What call? But that the blaggyardly rapscallions would not stop and listen to her, Moggy Geogehagan would have let them hear a thing or two.... As it was, with her Jems drawing every breath like a bucketful of stones, there was no time to waste in arguing with the likes of them....

So she bowed herself, and hoisted the yellow parchment-covered skeleton that had been her man upon the shoulders that had carried many a brimming creel of herrings, and, leaning on a knotted staff she had, began to make the ascent.

A few steps, and the woman tottered. But that a black-eyed, white-haired and bearded man, in worn gray traveling clothes, broke through the hedge of spectators, and lent his wasted strength to eke out hers, she would have fallen with her precious load.

So together they carried Jems Geogehagan up the stone-paved road that led to England’s Calvary. As long as Moggy lived—and she did not die for many years—she remembered that stranger’s face.

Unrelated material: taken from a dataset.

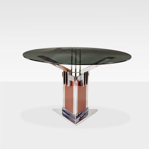 74x120 cm. anni 70 tavolo circolare in metallo cromato, metallo verniciato e vetro fumè

The man was Hector Dunoisse. Nor did he ever forget how—as they reached the summit of the toilsome ascent, and the great archway of the Barrack Hospital gaped before them—he saw at last the woman he had come so far to find.


She stood upon a rising knoll of ground, upon the right of the entrance to the Hospital. As in his dream of her, she wore a plain black dress, and a black silk kerchief was tied over the frilled white cap. She was very pale; her eyes burned gray-blue fire beneath her leveled brows, and her lips were colorless and closely set.

Officials of various grades, in mufti and in uniform, were grouped behind her. Nurses in gray, or brown holland dresses and white caps gathered about her: the black habits and white guimpes of the Sisters of Mercy were actively conspicuous among the rest. And as her keen, observant eyes glanced hither and thither—and swift orders dropped from her lips—one nun after another would dart from her side and vanish; to return and speed forth again—diligent as little black-and-white humble-bees obeying the orders of their Queen.

It is upon record that all through the day, all through the night of fog-bleared moonlight and far into the morning that followed, Ada Merling stood while the sick and wounded were being carried into the Hospital.

Strong men grew weary, and went away in search of rest and refreshment. Nurses collapsed, and were succeeded by other nurses. Relays of bearers were replaced by fresh relays. But the Lady-in-Chief remained at her post unflinchingly, and the white-haired man toiled on, and never stopped. For the strength and endurance that breathed from the still composure of Ada Merling seemed, despite his weakness, to communicate itself to Dunoisse. He was giddy, and faint, and breathless—his shoulders were galled, his hands were raw—his boots were in rags upon his blistered feet, when a rose-red dawn suffused the sky behind the wooded slopes of Bûlgurlû, and the last burden of wretchedness was carried in.